Thanks for all the response.  Let me point out that I am not challanging the fact that you can make a lot of money in the stock market.  In any oscillating market there are obviously plenty of opportunities.

I am querying the wisdom that the stock market is one of the best long term investment, and many are encouraged to contribute significantly to super and managed funds in recent years in Australia.  I take the point that 30 years is a longer term and may present a better long term view, but 10 years should be long term by most people standard.  Most investment seminars ask you to look at the long term, a 5 to 7 years period at least, so 10 is not unreasonable.  

I am approaching it from a long term and diverse portfolio perspective.  Looking at it from a 30 years perspective is a lot more complex.  How things have changed over 30 years is another discussion itself, massive inflation over a period is one of them.  In any case, 30 years ago most would have a lot less to invest unless they are well over 60.


----------



## alphaman (8 November 2009)

My moving 120-month ROC chart on S&P500 shows several holding periods where you get capital loss: the 10 years ending 1938-1941, 1946-1947, 1974-1975, 1977-79, and now.

The capital losses in the 40s and 70s were relatively minor. If you add in dividends you might get positive nominal return overall. Not sure about real returns.

Capital loss peaked at 40% so far in this GFC. During (or after?) the Great Depression it peaked at 64%. I doubt dividends would make up for it.

I think the bottom line is even if your holding period is 10 year, timing still matters. It makes a huge difference.


----------



## bunyip (8 November 2009)

ymlam said:


> I thought the considered wisdom is to look at the long term.  In the short term you may be looking at a bull market or bear market, like in the last two years.  This can be a distortion.




The 'considered wisdom' is changing, and so it should, in view of the research showing that there are more losers than winners among stockmarket players.

Julia is right....the way to increased profits from the market is to plan your strategies around the various bull and bear cycles within the longer term.


----------



## Julia (8 November 2009)

ymlam said:


> I am querying the wisdom that the stock market is one of the best long term investment, and many are encouraged to contribute significantly to super and managed funds in recent years in Australia.  I take the point that 30 years is a longer term and may present a better long term view, but 10 years should be long term by most people standard.  Most investment seminars ask you to look at the long term, a 5 to 7 years period at least, so 10 is not unreasonable.

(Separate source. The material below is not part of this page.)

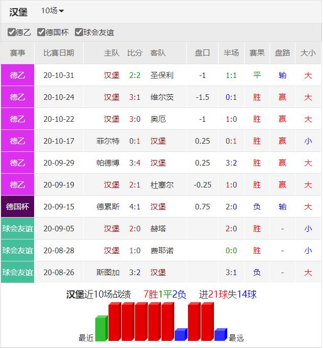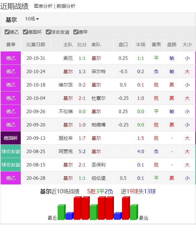 1.德乙劲旅汉堡连续两赛季排名德乙第4,新赛季目前6轮积16分暂列德乙第1。汉堡18/19赛季降至德乙后尚未赢过基尔,总战绩2平2负,上赛季主客皆平基尔,客场1比1带走1分。首席射手特罗德目前已砍下8个联赛进球,领跑德乙射手榜。上赛季17个主场10胜4平3负,去到客场则4胜8平5负,是一支主客场表现有明显差异的球队。上轮联赛主场打进圣保利2球,最近3场联赛每场都打进不止1球,进攻状态勇猛。之前连续零封菲尔特和奥厄,但最近2场联赛连续丢球,而且都在上半场出现丢球,防守退步。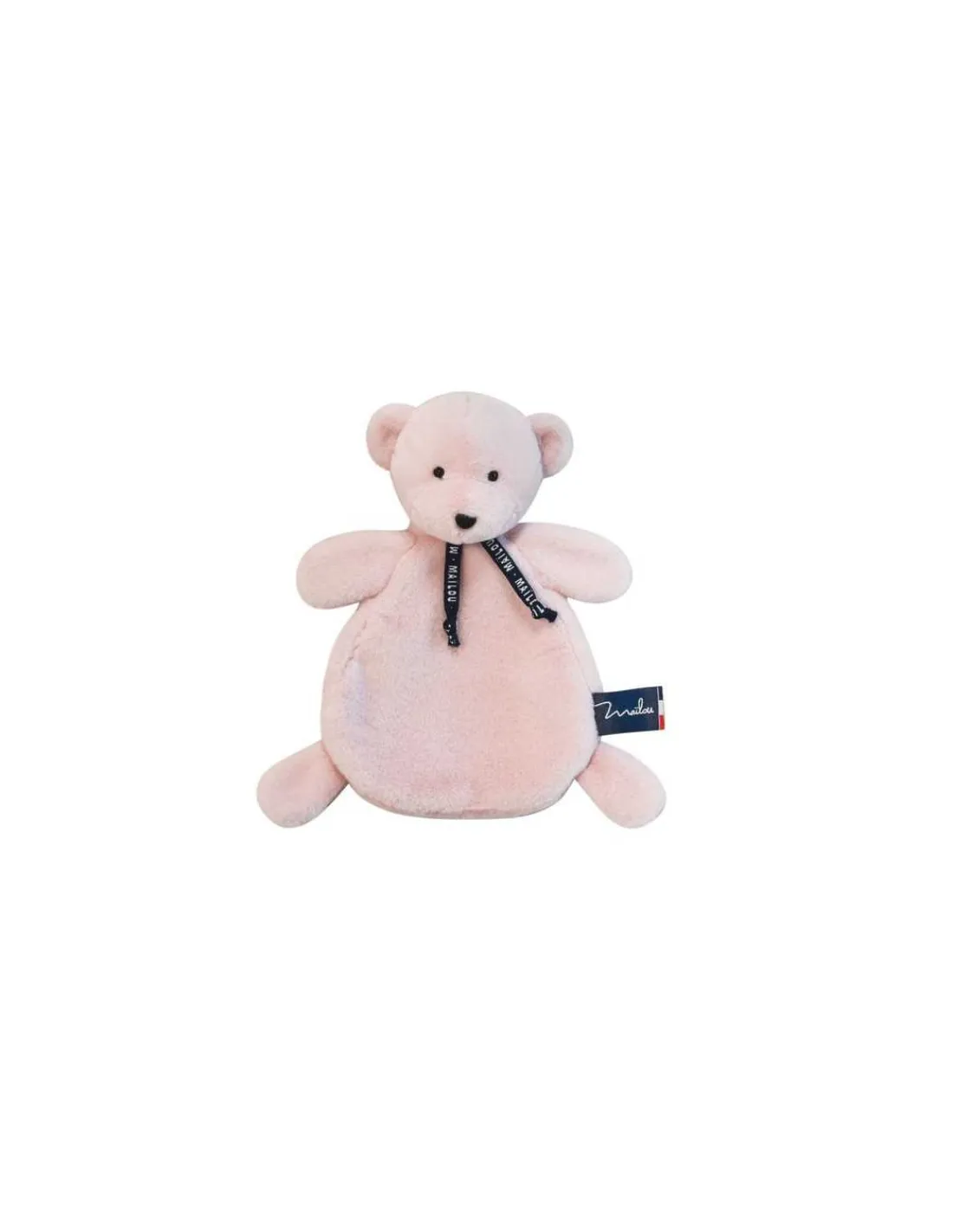 Découvrez le doudou rose poudré ours de la collection « Dorlotin » de Maïlou Tradition, un adorable doudou plat fabriqué en France à offrir à bébé dès la naissance.

You're quite right in the above.  It's why so many people who naively trusted Fund Managers to actively look after their investments in the recent downturn are now finding themselves continuing to work instead of retiring.
And why hopefully more people will decide they need to take more interest in their own financial situation by understanding the importance of timing.



alphaman said:


> Capital loss peaked at 40% so far in this GFC. During (or after?) the Great Depression it peaked at 64%. I doubt dividends would make up for it.
> 
> I think the bottom line is even if your holding period is 10 year, timing still matters. It makes a huge difference.



Exactly.


----------



## ymlam (8 November 2009)

alphaman said:


> My moving 120-month ROC chart on S&P500 shows several holding periods where you get capital loss: the 10 years ending 1938-1941, 1946-1947, 1974-1975, 1977-79, and now.




interesting!  Would your analysis show how often in the past 10 or 20 years how often would the gain be more than a fixed bank deposit; I expect about 6%.

I have always assume over the long period you would do better than fixed bank deposit; if not why bother! The lesson here seems to be to do exactly that unless you can pick the trend.


----------



## condog (8 November 2009)

This is a healthy debate if for no other reason then for some to discover 

No one strategy works all the time
No one strategy suits every investor
No one period of time is reflective of any other period of time...


----------



## bunyip (8 November 2009)

condog said:


> This is a healthy debate if for no other reason then for some to discover
> 
> No one strategy works all the time




The belief that no one strategy works all the time stems from the fact that most market players only play the long side of the market, and ignore the short side.

The 'top down' approach  works consistently across pretty much all market conditions, due to the fact that it plays not only bullish markets, but also flat and bearish markets.

The 'top down' approach starts by analysing the trend of the overall market, then the trend of each sector of the market, then the trend of stocks in the strongest and weakest sectors.

The idea is that when the market is bullish, you find the strongest sectors of the market, and the strongest stocks in those sectors. You then focus your buying in these outperforming stocks.

When the overall market is bearish, you find the weakest sectors of the market, and the weakest stocks in those sectors. Then you focus on shorting those underperforming stocks either by shorting the stocks directly, or by using Put Options or CFD's.

When the overall market is flat, there's usually one or two sectors that are nevertheless bullish or bearish, offering good opportunities for longs or shorts in the strongest/weakest stocks within those sectors.

Since markets at any given time are either bullish, bearish or flat, the top down approach finds profitable trading opportunities under all market conditions - but only if you're willing to play the short side as well as the long side.

The key is in having a simple and efficient method of zeroing in on the strongest and weakest sectors of the market, and the strongest and weakest stocks within those sectors.

I'm not saying it's the holy grail and it's certainly not the only approach you can use. But it's an approach that works irrespective of market conditions.


----------



## alphaman (8 November 2009)

ymlam said:


> Would your analysis show how often in the past 10 or 20 years how often would the gain be more than a fixed bank deposit; I expect about 6%.



6% over 10 years is 81.9% return isn't it? Assuming 0.5% per month compunded 120 times.

Between 3/Jan 1928 and 6/Nov 2009, the frequency of S&P500 2520-day returns (before dividends) exceeding 81.9% is 55.5%. 

For 5040-day returns (20 years), the frequency of beating 6% improves to 94%. 

For 7560-day returns, the frequency drops back to 63.4%. That's surprising.

Keep in mind this is all before dividends.


----------



## condog (8 November 2009)

alphaman said:


> 6% over 10 years is 81.9% return isn't it? Assuming 0.5% per month compunded 120 times.
> 
> Between 3/Jan 1928 and 6/Nov 2009, the frequency of S&P500 2520-day returns (before dividends) exceeding 81.9% is 55.5%.
> 
> ...




Its also before 30% tax off the top of the cash return.


----------